Ia mengatakan desain tugu tersebut mengusung pendekatan kontemporer yang menitikberatkan pada kekuatan simbolik, bukan sekadar kemiripan visual dengan hewan pesut itu sendiri. Gaya siluet minimalis yang diterapkan mencerminkan tren seni modern yang banyak ditemukan di ruang publik kota-kota besar dunia.
“Tugu ini bukan patung pesut dalam arti harfiah. Ia adalah karya seni bergaya siluet yang menyampaikan karakter dan filosofi kota melalui bentuk yang sederhana namun kuat secara visual. Ini bagian dari bahasa estetika global yang juga diterapkan di kota metropolitan lainnya,” ungkapnya belum lama ini
Selain itu, kehadiran Tugu Pesut merupakan bagian integral dari strategi membentuk identitas visual kota yang lebih maju dan berkelas, sejalan dengan arah pembangunan Samarinda menuju kota metropolitan yang modern dan berdaya saing.
Menanggapi perdebatan di media sosial yang membandingkan Tugu Pesut dengan Tugu Biawak, Deni mengingatkan pentingnya melihat karya seni dalam konteks yang utuh, bukan hanya dari aspek bentuk atau anggaran.
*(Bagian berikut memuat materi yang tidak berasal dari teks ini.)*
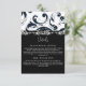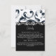 Resposta RSVP de Monograma para Damasco Floral Branco e Preto Elegante com Opções de Menu. Perfeito para os Temas do Renascimento Medieval, Vitoriano ou Casamento Grego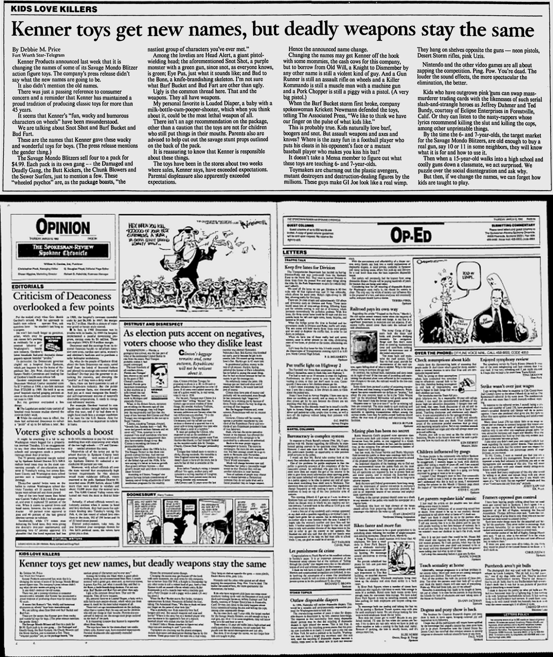 I stumbled across this 1992 newspaper article while exploring the online Google archives, and I immediately realized I didn’t know enough about the Savage Mondo Blitzers toyline from Kenner to really understand what I was reading.

“Perbandingan semacam itu tidak adil dan cenderung menyederhanakan makna seni. Setiap karya memiliki konsep, konteks, dan pesan tersendiri. Seni di ruang publik berfungsi membangun karakter dan persepsi kota, bukan sekadar memanjakan mata,” tegasnya.
Tugu Pesut, lanjutnya, tidak hanya merepresentasikan kebanggaan terhadap fauna endemik Mahakam, tetapi juga menjadi simbol transformasi budaya dan visual Samarinda yang sedang melangkah menuju masa depan yang lebih progresif.
“Ini bukan hanya tugu, ini cerminan arah baru kota ini, Samarinda yang tumbuh, berkembang, dan menata citra sebagai kota yang berpikir maju, baik dari sisi infrastruktur maupun ekspresi budaya,” pungkasnya.